→ **Data records**:
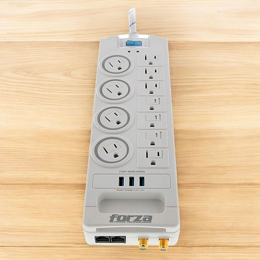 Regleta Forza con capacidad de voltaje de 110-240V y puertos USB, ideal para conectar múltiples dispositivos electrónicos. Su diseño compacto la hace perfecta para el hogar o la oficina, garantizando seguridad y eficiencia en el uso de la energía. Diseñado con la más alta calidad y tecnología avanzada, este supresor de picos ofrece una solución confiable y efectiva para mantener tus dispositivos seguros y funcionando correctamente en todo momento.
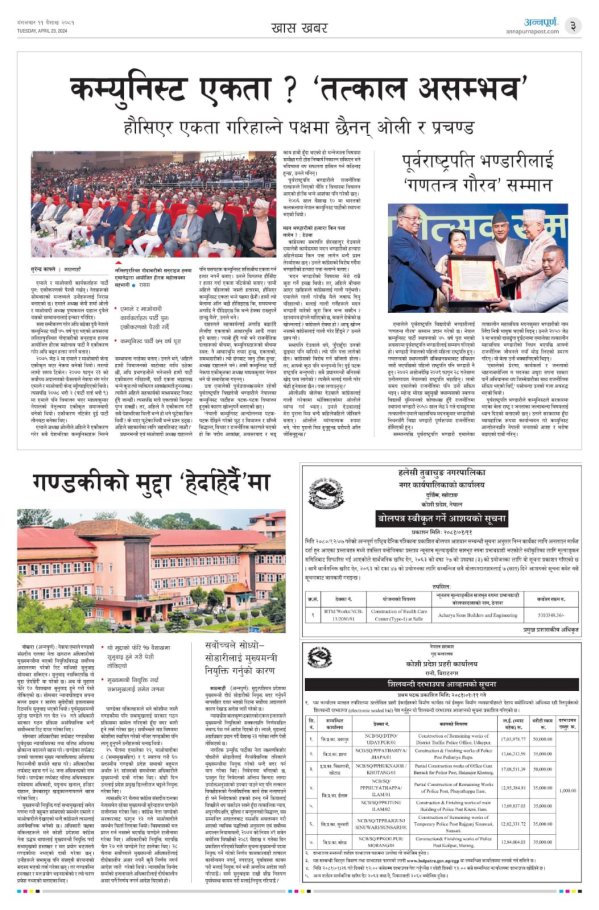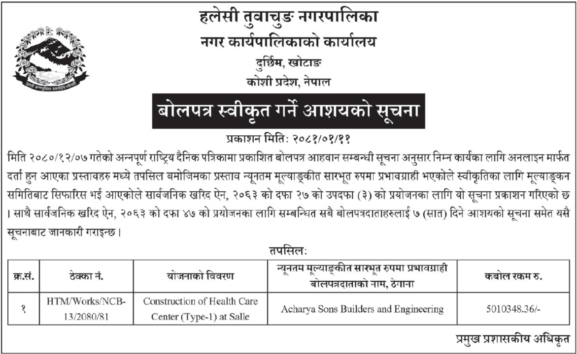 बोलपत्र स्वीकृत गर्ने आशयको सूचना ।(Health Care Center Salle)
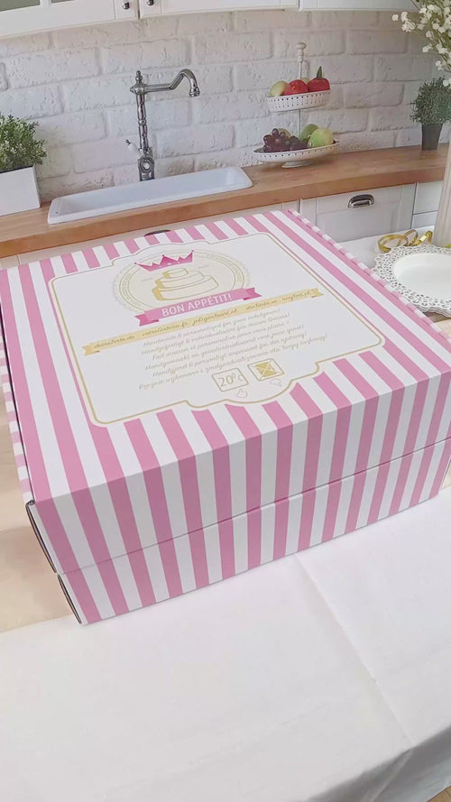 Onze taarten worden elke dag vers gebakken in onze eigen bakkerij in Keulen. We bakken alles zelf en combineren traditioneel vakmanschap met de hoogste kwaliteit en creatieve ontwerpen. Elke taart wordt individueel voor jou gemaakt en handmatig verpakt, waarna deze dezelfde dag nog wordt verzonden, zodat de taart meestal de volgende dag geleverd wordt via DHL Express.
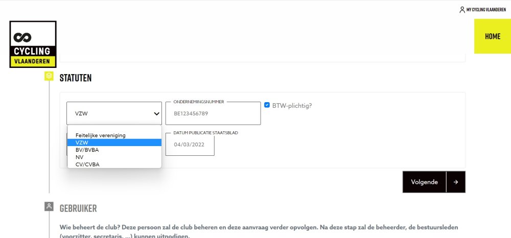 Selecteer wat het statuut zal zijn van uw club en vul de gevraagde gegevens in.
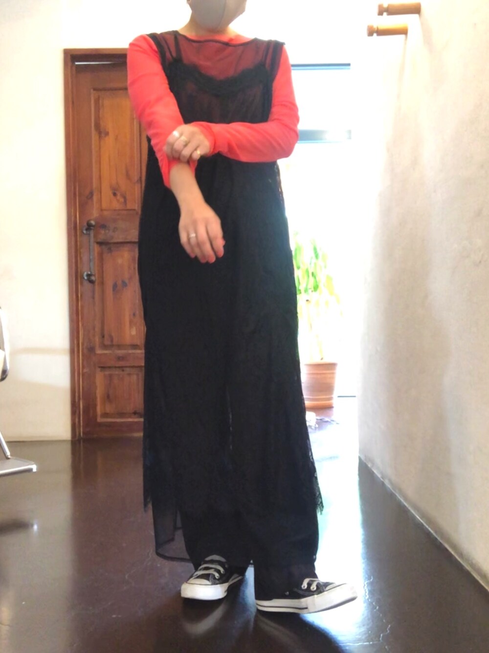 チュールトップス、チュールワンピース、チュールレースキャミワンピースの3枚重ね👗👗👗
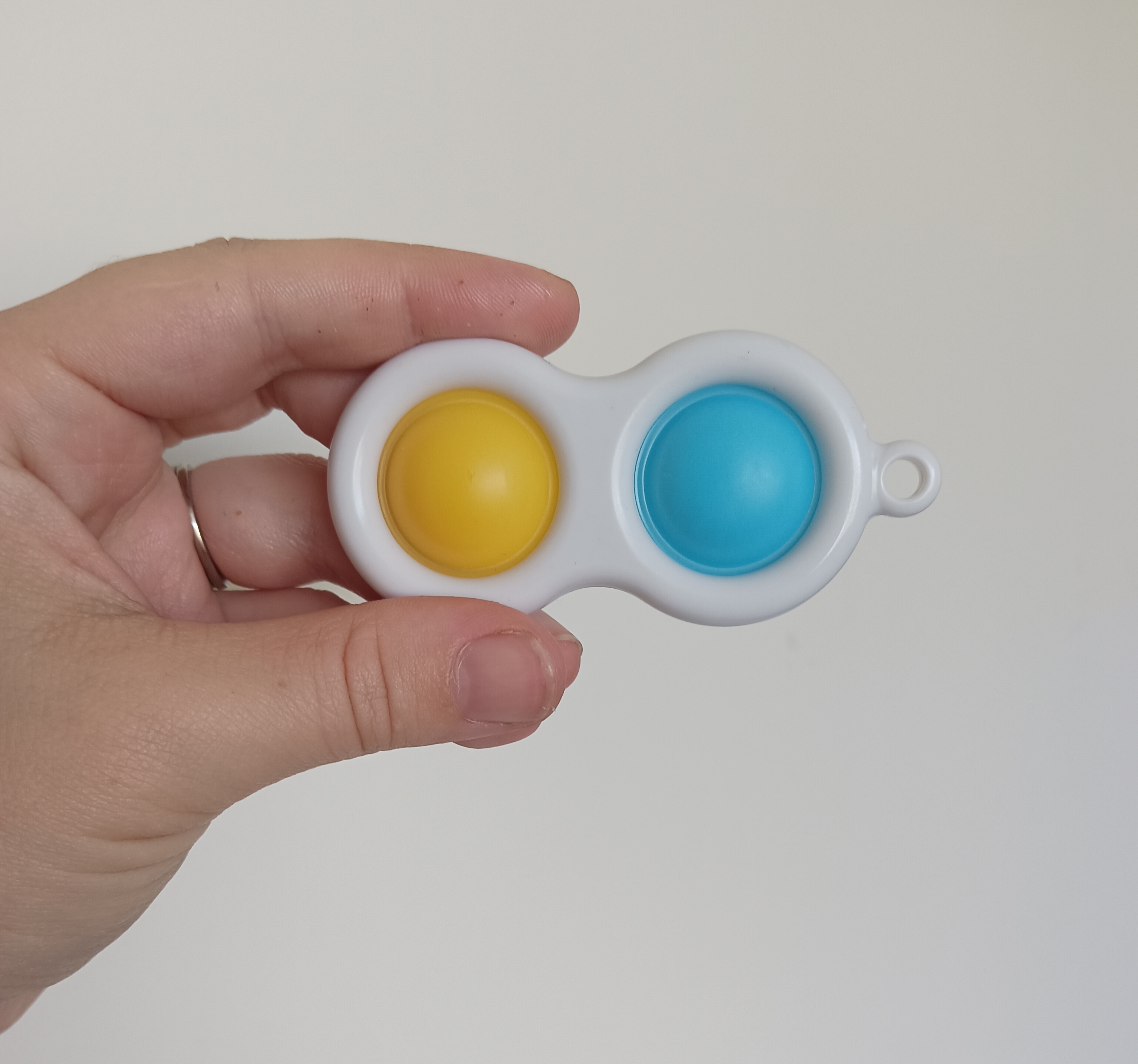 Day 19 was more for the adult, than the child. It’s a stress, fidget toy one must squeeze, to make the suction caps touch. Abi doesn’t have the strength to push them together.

→ **Exercise details**:
Retype all the records shown above, character for character. Omit every picture.

→ **Task solution**:
 Regleta Forza con capacidad de voltaje de 110-240V y puertos USB, ideal para conectar múltiples dispositivos electrónicos. Su diseño compacto la hace perfecta para el hogar o la oficina, garantizando seguridad y eficiencia en el uso de la energía. Diseñado con la más alta calidad y tecnología avanzada, este supresor de picos ofrece una solución confiable y efectiva para mantener tus dispositivos seguros y funcionando correctamente en todo momento.
 बोलपत्र स्वीकृत गर्ने आशयको सूचना ।(Health Care Center Salle)
 Onze taarten worden elke dag vers gebakken in onze eigen bakkerij in Keulen. We bakken alles zelf en combineren traditioneel vakmanschap met de hoogste kwaliteit en creatieve ontwerpen. Elke taart wordt individueel voor jou gemaakt en handmatig verpakt, waarna deze dezelfde dag nog wordt verzonden, zodat de taart meestal de volgende dag geleverd wordt via DHL Express.
 Selecteer wat het statuut zal zijn van uw club en vul de gevraagde gegevens in.
 チュールトップス、チュールワンピース、チュールレースキャミワンピースの3枚重ね👗👗👗
 Day 19 was more for the adult, than the child. It’s a stress, fidget toy one must squeeze, to make the suction caps touch. Abi doesn’t have the strength to push them together.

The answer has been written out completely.